# Expectation of sum of absolute values for correlated normal random variables

Let $$x_1, x_2, \dots, x_{N}$$ i.i.d. random variables $$\sim \mathcal{N}\left(0,\sigma^2_x\right)$$. Further, let $$z\sim \mathcal{N}\left(0,\sigma^2_z\right)$$, $$z$$ is independent from all $$x_i$$.

We build random variables $$y_i=x_i+\gamma z$$. By construction, $$y_i \sim \mathcal{N}\left(0, \sigma^2_x +\gamma^2 \sigma^2_z\right)$$ -- But, $$y_i$$ are not independent anymore.

What is the following expectation: $$\mathbb{E} \sum_i \left| y_i\right|,$$ where $$\left| a\right|$$ is the absolute value of $$a$$?

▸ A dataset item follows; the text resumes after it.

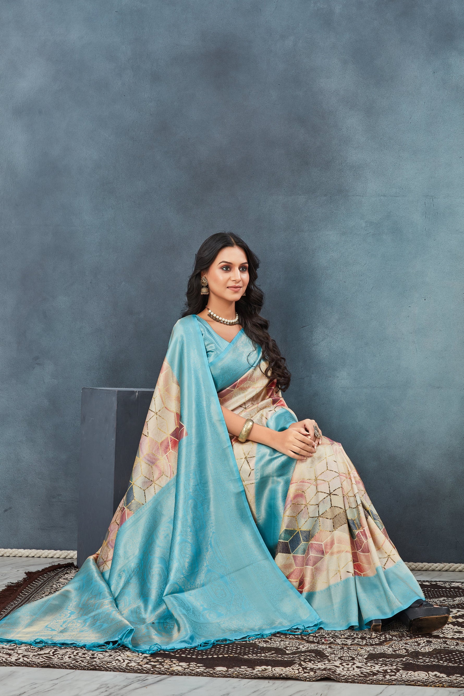 Traditional Handloom Pattu Saree Sky Blue Pure Art Silk For Weddings

Expectation operator distributes over the sum, so correlation amongst $$y_i$$ is not important in the calculation: $$\mathbb E\left[\sum_{i=1}^N|y_i|\right]=N\mathbb E[|y_1|]$$
$$y_1\sim\mathcal N(0, \sigma_y^2)$$ where $$\sigma_y^2=\sigma_x^2+\gamma^2\sigma_z^2$$. You can calculate the expected value using the mean entry of Folded Normal distribution by letting $$\mu=0, \sigma^2=\sigma_y^2$$. You can choose to calculate it by yourself as well, since the integral will be trivial.